Task
Exact reproduction is required for the lines below starting at the line with "This evening of" and ending at the line with "Evertas 10 is", both included. No other lines, and no pictures.

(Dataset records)

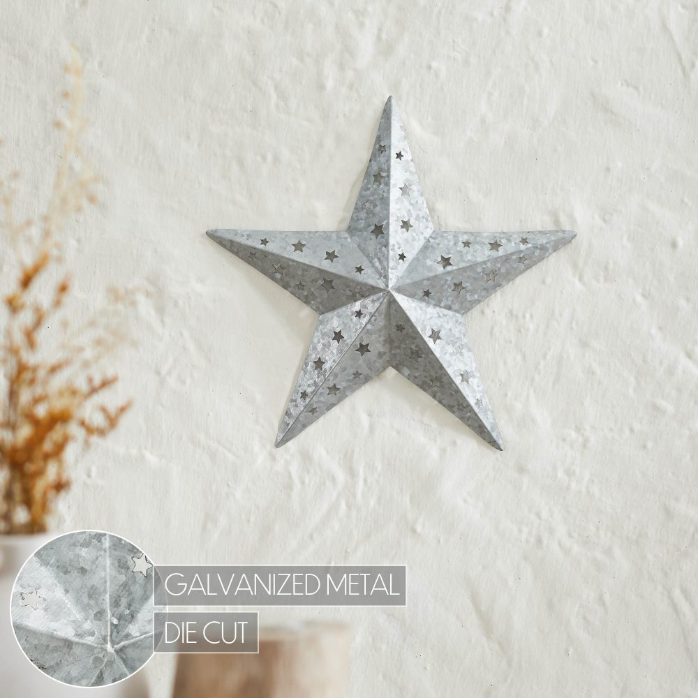 Enhance your home's rustic charm with the VHC Brands Metal Star Punched Galvanized 12x12 wall hanging. This striking 5-point star features a galvanized grey finish and is designed with multi-sized scattered stars punched through the metal, allowing light to shine through for a captivating display. Its unique design makes it an excellent accent piece for anyone who appreciates farmhouse decor. This versatile wall art is perfect for various spaces, including the living room, bedroom, bathroom, or kitchen. The industrial look of the galvanized finish complements a range of decor styles, adding character and warmth to your home. Whether hung on its own or as part of a curated collection, this star brings a welcoming touch to any room. For easy maintenance, simply wipe the surface clean with a soft cloth to keep it looking fresh. While designed primarily for indoor display, applying a sealant allows for outdoor use, ensuring durability against the elements. This charming metal star not only serves as a stylish decorative piece but also embodies the inviting spirit of country living, making it a perfect addition to your entryway or any cherished space.
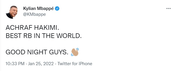 وبعد هدف حكيمي، نشر مبابي تغريدة باللغة الإنجليزية على حسابه بموقع التواصل الاجتماعي “تويتر” قال فيها: “أشرف حكيمي.. أفضل ظهير أيمن في العالم.. ليلتكم سعيدة يا رفاق”.
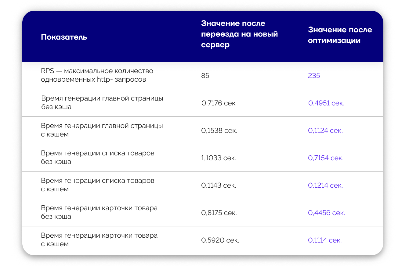 Нам удалось сократить время генерации страниц и увеличить RPS в 2,8 раза. Сайт стал быстрым и надежным. Это вызвало рост числа заходов из поисковых систем и подняло конверсию. Заказчик не боится запускать рекламные кампании, так как знает, что сайт выдержит не только резкий рост нагрузки, но и DDoS-атаку.
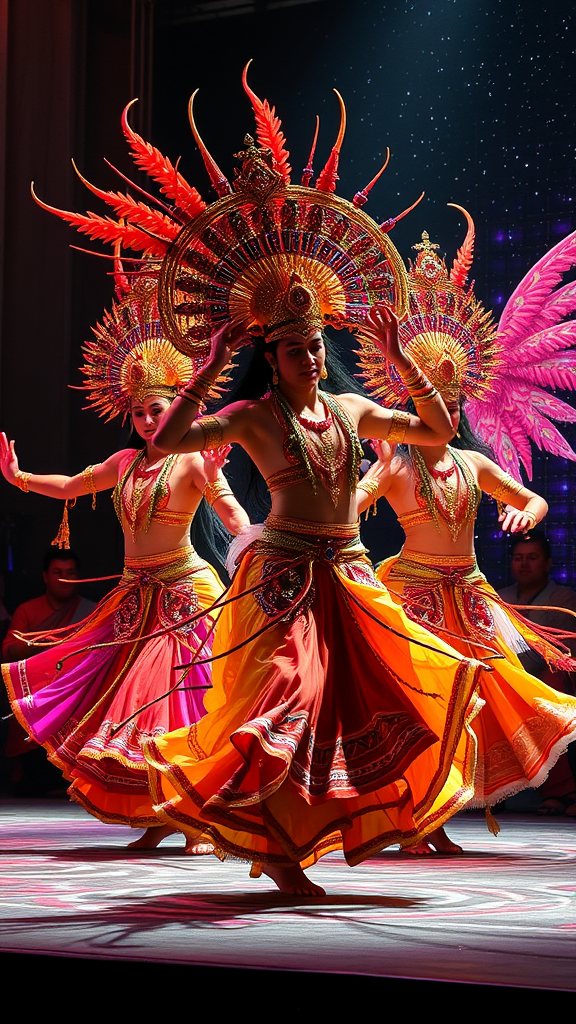 A mesmerizing dance unfolds in a vibrant display of colors and elaborate costumes, where performers embody divine spirits through intricate rituals, invoking ancient tales and celestial energies in a transcendent celebration of cultural and spiritual heritage.
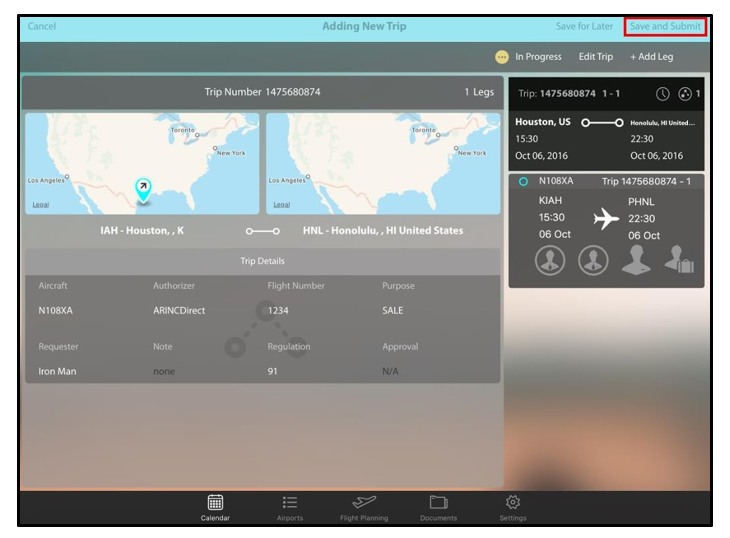 After selecting “Done” a new window will appear with the information that was entered. Select “Save and Submit” to send the new trip to the FOS System.
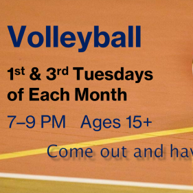 This evening of recreational volleyball is open to all people over 15 years old.
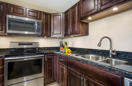 The fully remodeled kitchen features rich cabinetry, granite countertops, and stainless steel appliances. From morning Kona coffee to fresh-caught fish on the stove, everything you need to prepare meals is here—including a blender, rice cooker, and barbecue tools for the complex grills.
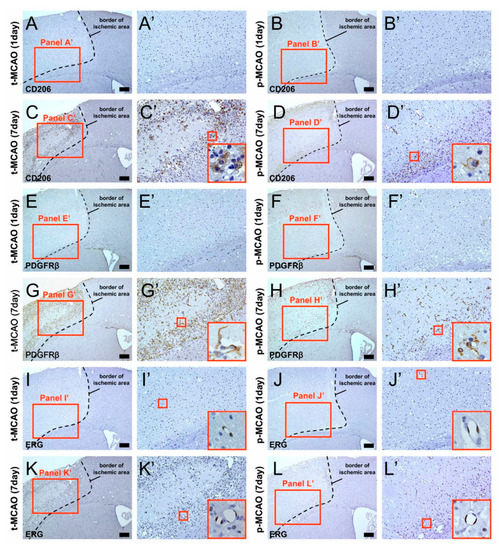Immunohistochemistry for CD206, PDGFRβ, and ERG at 1 d and 7 d after 90-min t-MCAO or p-MCAO. CD206 (A,A’,B,B’) and PDGFRβ (E,E’,F,F’) were minimally expressed 1 d after 90-min t-MCAO (A,A’,E,E’) and p-MCAO (B,B’,F,F’). However, at 7 d post stroke, many CD206+ (C,C’,D,D’) and PDGFRβ+ cells (G,G’,H,H’) were observed within the ischemic areas after 90-min t-MCAO (C,C’,G,G’) and p-MCAO (D,D’,H,H’). Quantitative analysis at 7 d post stroke showed that CD206+ (M) and PDGFRβ+ areas (N) were significantly larger in mice after 90-min t-MCAO compared to p-MCAO. ERG+ endothelial cells were observed within the ischemic areas 1 d (I,I’,J,J’) and 7 d (K,K’,L,L’) after 90-min t-MCAO (I,I’,K,K’) and p-MCAO (J,J’,L,L’). However, quantitative analysis at 1 d (O) and 7 d (P) post stroke showed that the number of ERG+ vessels was significantly higher within the ischemic and peri-ischemic areas after 90-min t-MCAO compared to p-MCAO. Results are representative of three replicates. Scale bars = 200 µm (A–L). * p < 0.05 between stroke models (90-min t-MCAO vs. p-MCAO) (M–P) (n = 3, for each model). Abbreviations: CD206, cluster of differentiation 206; ERG, ETS-related gene; PDGFRβ, platelet derived growth factor receptor-beta; p-MCAO, permanent middle artery occlusion; t-MCAO, transient middle cerebral artery occlusion.
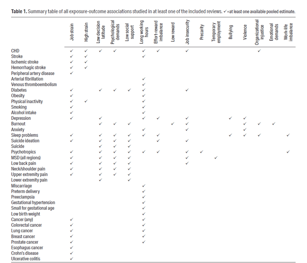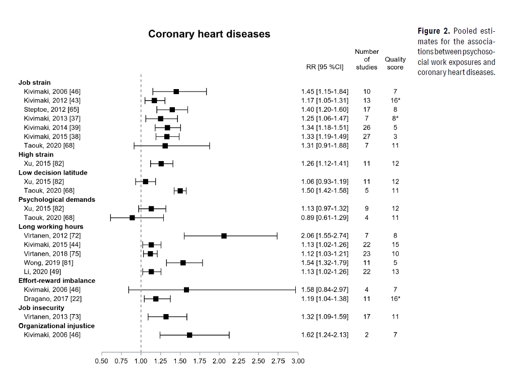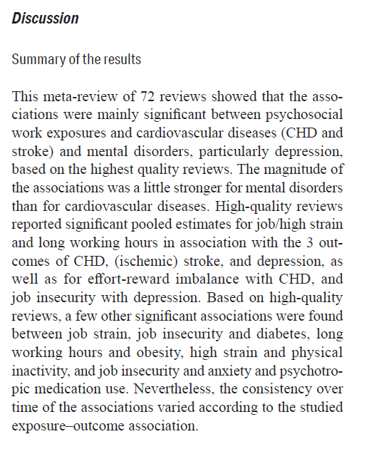 · “This meta-review of 72 reviews showed that the associations were mainly significant between psychosocial work exposures and cardiovascular diseases (CHD and stroke) and mental disorders, particularly depression, based on the highest quality reviews”
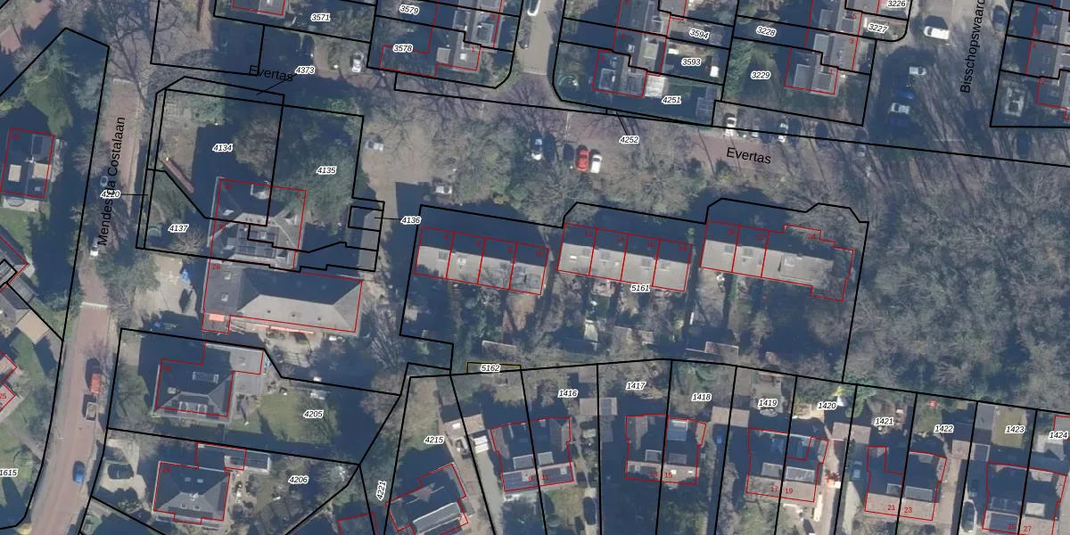 Evertas 10 is gelegen op kadastraal perceel LRN01G5161. Deze kadastrale aanduiding is uniek en wordt gebruikt door het Kadaster om eigendomsrechten en andere zakelijke rechten vast te leggen. Het perceel maakt onderdeel uit van de kadastrale gemeente Laren Noord-Holland.
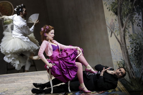 Die detail­lierte Formung der Figuren durch die Regis­seurin bietet den jungen Sängern beste Voraus­set­zungen, um sowohl ihre jugend­liche Spiel­freude ausleben zu können und sich gleich­zeitig von der Hand einer erfah­renen Regis­seurin leiten zu lassen. Und zu hören sind dabei einige Stimmen, denen man durchaus eine hoffnungs­volle Zukunft versprechen kann. Dazu gehört Maria Kublashvili als Contessa Armelinda, die bereits über eine ebenso große und geschmeidige Stimme verfügt wie über ein beacht­liches Charisma. Und die Talent­schmiede aus dem Fernen Osten zahlt sich auch hier aus mit dem Bariton Hoeup Choi und dem mit strah­lendem Glanz überzeu­genden Tenor Young Woo Kim. Aber auch die Sopra­nistin María Isabel Segarra, die Mezzo­so­pra­nistin Sara Jo Benoot und der Tenor Dino Lüthy lassen aufhorchen, während Yunus Schahinger als der intri­gante Vogel­fänger Pierotto stimmlich noch nicht gefestigt wirkt.
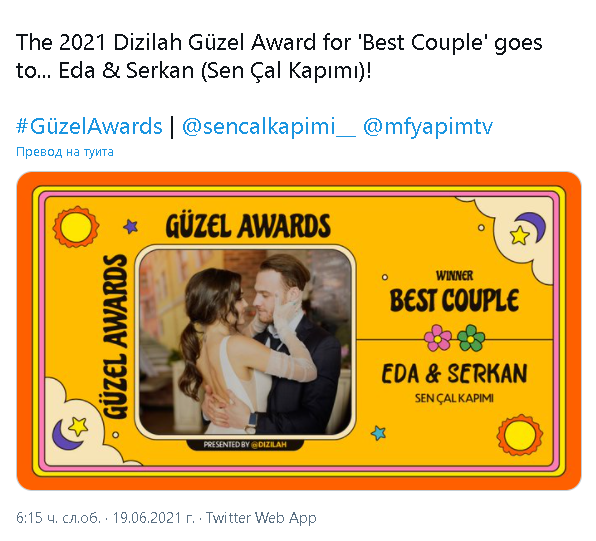 Наградата Dizilah Güzel за 2021 г. за „Най-добра двойка“ получава ... Eda & Serkan (Sen Çal Kapımı)!
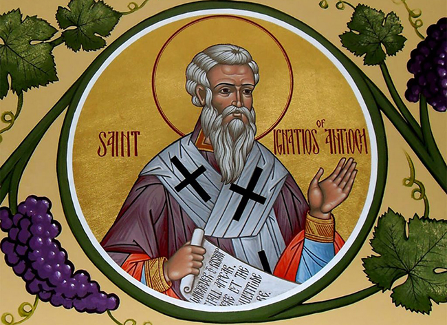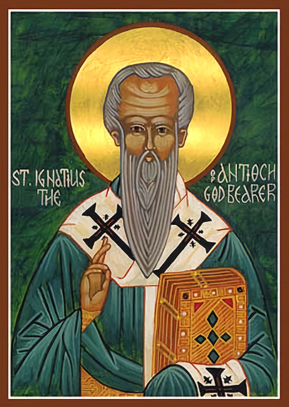 Martirologio Romano: Memoria de san Ignacio, obispo y mártir, discípulo del apóstol san Juan y segundo sucesor de san Pedro en la sede de Antioquía, que en tiempo del emperador Trajano fue condenado al suplicio de las fieras y trasladado a Roma, donde consumó su glorioso martirio. Durante el viaje, mientras experimentaba la ferocidad de sus centinelas, semejante a la de los leopardos, escribió siete cartas dirigidas a diversas Iglesias, en las cuales exhortaba a los hermanos a servir a Dios unidos con el propio obispo, y a que no le impidiesen poder ser inmolado como víctima por Cristo. († c.107)
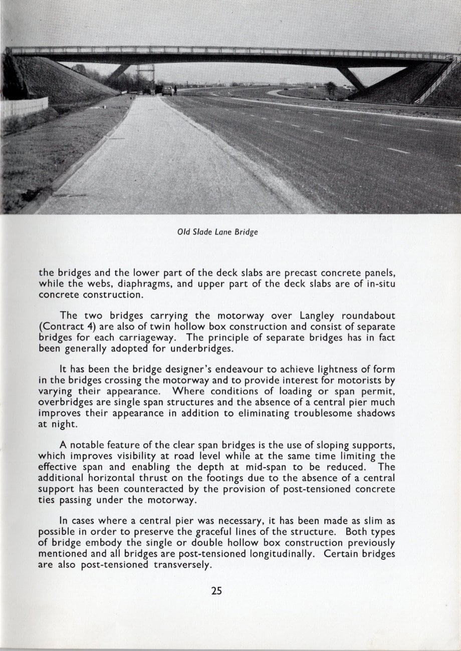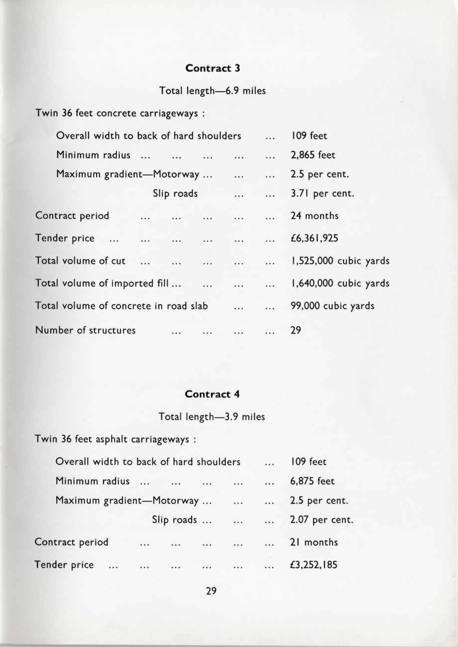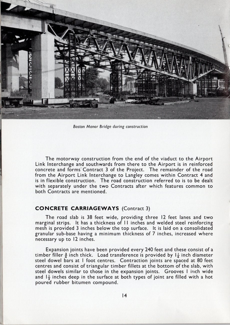The motorway construction from the end of the viaduct to the Airport Link Interchange and southwards from there to the Airport is in reinforced concrete and forms Contract 3 of the Project. The remainder of the road from the Airport Link Interchange to Langley comes within Contract 4 and is in flexible construction. The road construction referred to is to be dealt with separately under the two Contracts after which features common to both Contracts are mentioned.
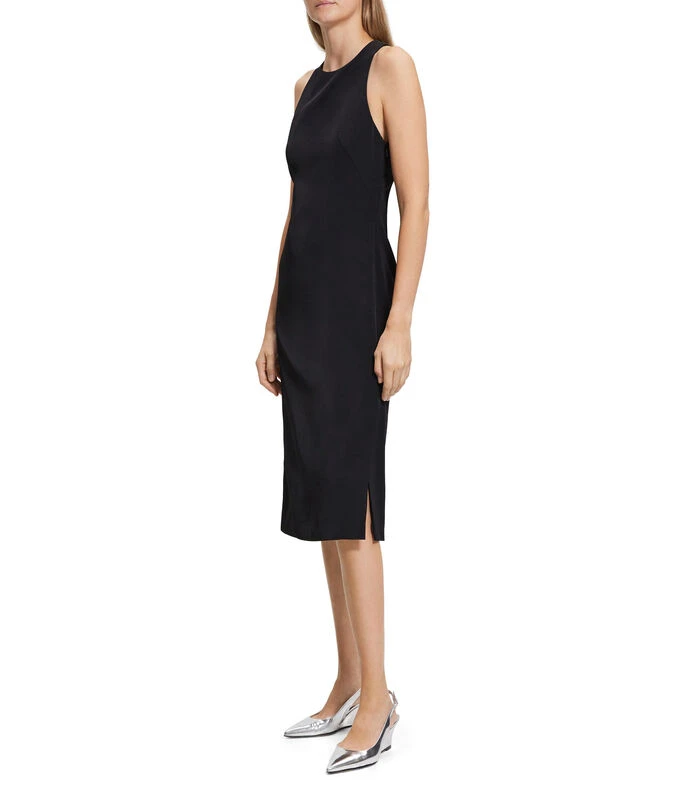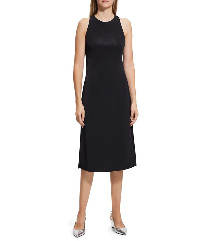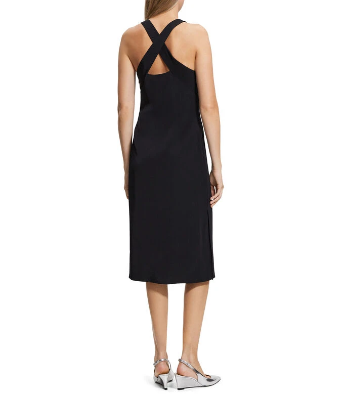 Vestido Theory midi de corte recto en tejido de punto, cuello redondo, tiras cruzadas de cuello a espalda, sin mangas y sutil abertura en bajo lateral.
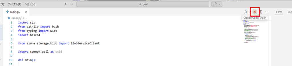インストールが完了すると、Visual Studio Codeの右上にClaude Codeのボタンが表示されます。
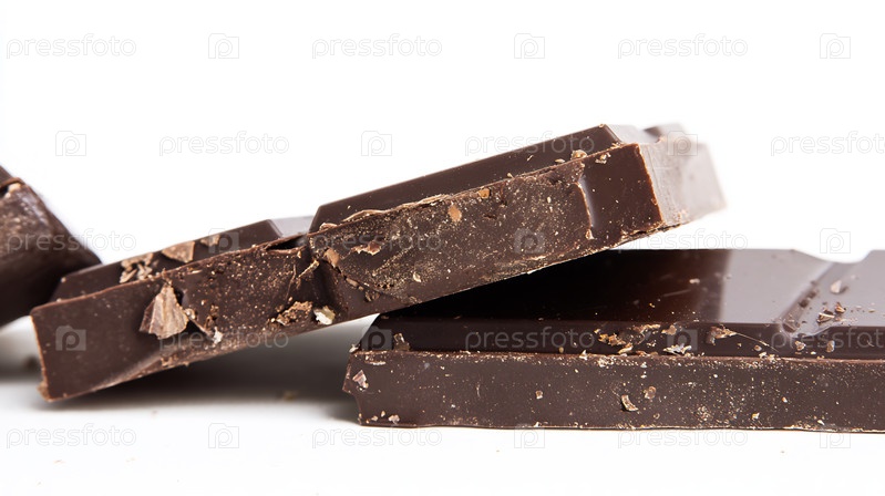 Куски темного шоколада на белом фоне

Task result
 This evening of recreational volleyball is open to all people over 15 years old.
 The fully remodeled kitchen features rich cabinetry, granite countertops, and stainless steel appliances. From morning Kona coffee to fresh-caught fish on the stove, everything you need to prepare meals is here—including a blender, rice cooker, and barbecue tools for the complex grills.
Immunohistochemistry for CD206, PDGFRβ, and ERG at 1 d and 7 d after 90-min t-MCAO or p-MCAO. CD206 (A,A’,B,B’) and PDGFRβ (E,E’,F,F’) were minimally expressed 1 d after 90-min t-MCAO (A,A’,E,E’) and p-MCAO (B,B’,F,F’). However, at 7 d post stroke, many CD206+ (C,C’,D,D’) and PDGFRβ+ cells (G,G’,H,H’) were observed within the ischemic areas after 90-min t-MCAO (C,C’,G,G’) and p-MCAO (D,D’,H,H’). Quantitative analysis at 7 d post stroke showed that CD206+ (M) and PDGFRβ+ areas (N) were significantly larger in mice after 90-min t-MCAO compared to p-MCAO. ERG+ endothelial cells were observed within the ischemic areas 1 d (I,I’,J,J’) and 7 d (K,K’,L,L’) after 90-min t-MCAO (I,I’,K,K’) and p-MCAO (J,J’,L,L’). However, quantitative analysis at 1 d (O) and 7 d (P) post stroke showed that the number of ERG+ vessels was significantly higher within the ischemic and peri-ischemic areas after 90-min t-MCAO compared to p-MCAO. Results are representative of three replicates. Scale bars = 200 µm (A–L). * p < 0.05 between stroke models (90-min t-MCAO vs. p-MCAO) (M–P) (n = 3, for each model). Abbreviations: CD206, cluster of differentiation 206; ERG, ETS-related gene; PDGFRβ, platelet derived growth factor receptor-beta; p-MCAO, permanent middle artery occlusion; t-MCAO, transient middle cerebral artery occlusion.
 · “This meta-review of 72 reviews showed that the associations were mainly significant between psychosocial work exposures and cardiovascular diseases (CHD and stroke) and mental disorders, particularly depression, based on the highest quality reviews”
 Evertas 10 is gelegen op kadastraal perceel LRN01G5161. Deze kadastrale aanduiding is uniek en wordt gebruikt door het Kadaster om eigendomsrechten en andere zakelijke rechten vast te leggen. Het perceel maakt onderdeel uit van de kadastrale gemeente Laren Noord-Holland.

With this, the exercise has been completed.